Each of the nine remaining sits as a Non-Executive Director.
 Nicky Hartery, Chairman (Ireland)
 Patrick Kennedy (Ireland)
 Heather Ann McSharry (Ireland)
 Gillian Platt (Canada)
 Lucinda Riches (UK)
 Henk Rottinghuis (Netherlands)
 Willian Teuber (US)
 Donald A. McGovern, Jr., Senior Independent Director (US)

Mark Towe (Chairman, CRH Americas) retired from the plc board on 31 December 2016.

Structure and divisions
CRH is structured into four activities:
Heavyside materials (including cement, aggregates, concrete)
Heavyside products (such as precast concrete products)
Lightside products (construction accessories, glass and glazing systems, fencing, among others)
Distribution (builders merchant chains)

The holding company for CRH's American operations is Oldcastle, Inc.

CRH's operating companies include:

Oldcastle APG
C.R. Laurence Co., Inc.
De Ruwbouw Groep (DRBG)
Calduran
Dycore
Heembeton 
Oldcastle BuildingEnvelope
Oldcastle Infrastructure
Tarmac
Irish Cement
Roadstone
Rudus
HALFEN
Ancon
Cementbouw
Bauking (sold to Blackstone)
BMN Bouwmaterialen
Raboni
Eqiom
Tilcon
The Shelly Company
Polbruk
Sigco
Ash Grove Cement Company

Financial performance
The following is a summary of financial data:

Controversy

Cartel accusations

Poland
In Poland in 2007, CRH was fined €530,000 by the Polish Competition and Consumer Protection Commission for interfering with evidence that Polish authorities were gathering for a price-fixing investigation.

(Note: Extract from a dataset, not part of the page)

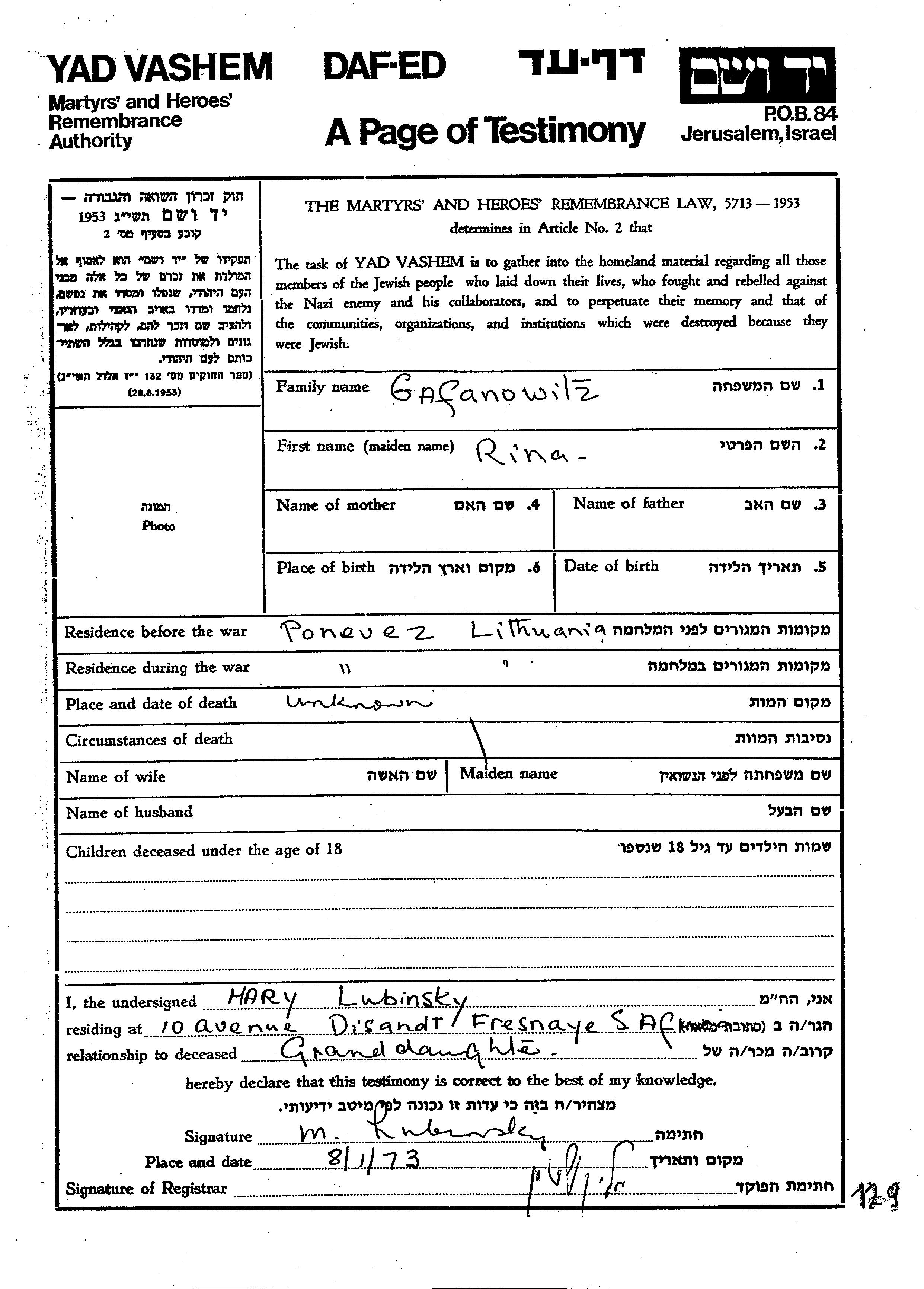Rina Gafanowitz. Vor dem Zweiten Weltkrieg lebte sie in Ponevezh, Litauen. Während des Krieges war sie in Ponevezh, Litauen.

In 2009, Grupa Ożarów (in which CRH first invested in 1995) was fined €26 million for operating a price fixing cartel in Poland. The Polish Competition Regulator stated that seven companies, which accounted for almost 100 per cent of the market, had fixed minimum prices for grey cement and agreed on a market share for each operator. CRH has stated its belief that Ozarów operated an independent commercial policy in Poland and the fine was appealed.

Ireland
In Ireland in 1994, Irish Cement Limited, a wholly owned subsidiary of CRH, was determined by the European Commission to be part of price fixing and market sharing cartel across Europe which it said had illegally and artificially inflated the price of cement throughout the continent. A fine of over €3.5 million was levied. In Ireland in 1996, High Court proceedings were initiated against CRH, its subsidiaries and two competitors in which the plaintiffs accused CRH and the others of operating a cartel and employing an illegal and anti-competitive eviction strategy in order to put them out of business. In 2012, CRH applied successfully to have the claim dismissed on the basis of the "inordinate and inexcusable delay" in bringing forward any evidence in the case. That judgement was appealed to the Supreme Court in 2012. At the time of the appeal it emerged that the presiding judge in the proceedings had ownership of some shares in CRH and was forced to stand down. As of 2012, the Irish cement and concrete industry at large was under investigation by the Irish Competition Authority.

United States
In 2006, an antitrust lawsuit was filed in California against CRH subsidiary Oldcastle Precast and three AT&T affiliates. The defendants were alleged to have unreasonably restrained trade and conspired to monopolize telephone vaults for land-line connections. Plaintiffs challenged a contract requiring developers to purchase Oldcastle Precast product for properties served by AT&T infrastructure. They contended the arrangement led to Oldcastle Precast capturing northern California sales of precast electrical vaults, which were often placed concurrently with telephone structures. In 2010, an American Court of Appeal ruled that the plaintiff's counsel had failed to provide enough evidence to show that the defendants harmed competition in California and Nevada telephone vault markets.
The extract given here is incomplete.